日本ではなぜ性教育が「危険視」されてしまうのか(写真:msv/PIXTA
 アメリカで中絶をめぐる激しい議論が巻き起こっている。きっかけとなったのは、人工中絶の権利を認めるアメリ最高裁の判決「ロー対ウェイド裁判」が覆る可能性があるという情報が漏えいしたことだ。近く最高裁の最終意見が出るとみられる中、アメリカでは著名人も巻き込んだ「プロチョイス(人工中絶擁護派)」と「プロライフ(中絶反対派)」の戦いが激しくなっている。

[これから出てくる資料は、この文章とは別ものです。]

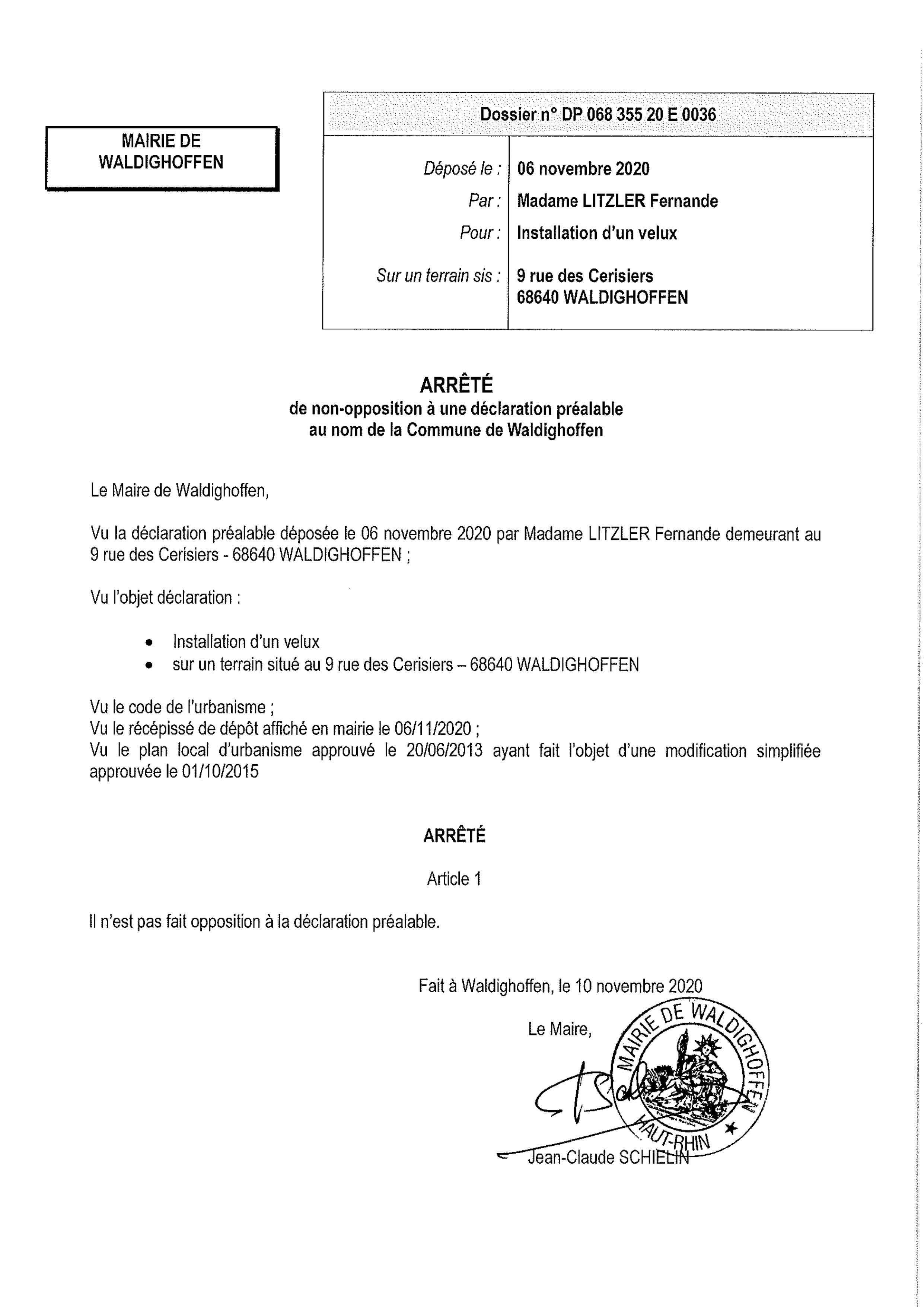 Certificat de non opposition délivré à Madame Litzler Fernande pour l'installation d'un velux
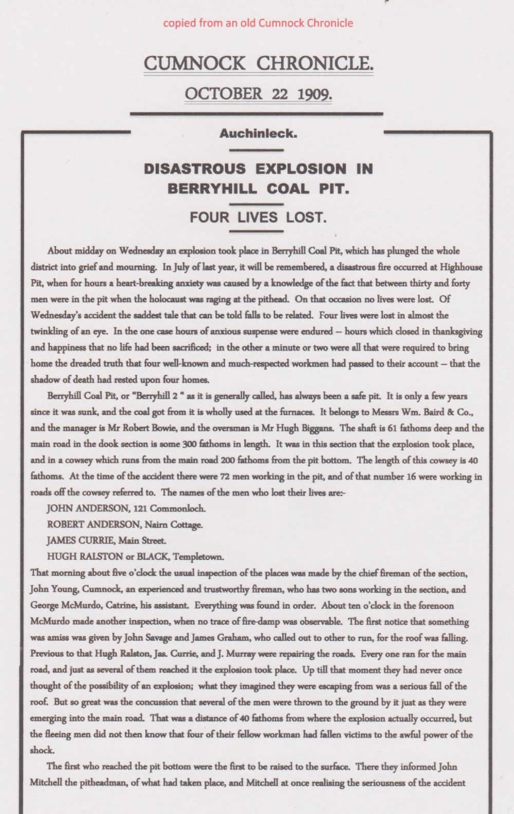 Copy of local newspaper report on the Berryhill No.2 explosion - part 1.

 一方、日本では人工中絶には配偶者の同意が必要とする母体保護法に対する批判が強まっている。アメリカを含む多くの国では、女性が妊娠、出産、中絶など性や子どもを産むことを選択・決定できる「リプロダクティブ・ヘルス/ライツ(性と生殖に関する健康と権利)」が認められているが、日本ではまだこの意識は低いと言わざるをえない。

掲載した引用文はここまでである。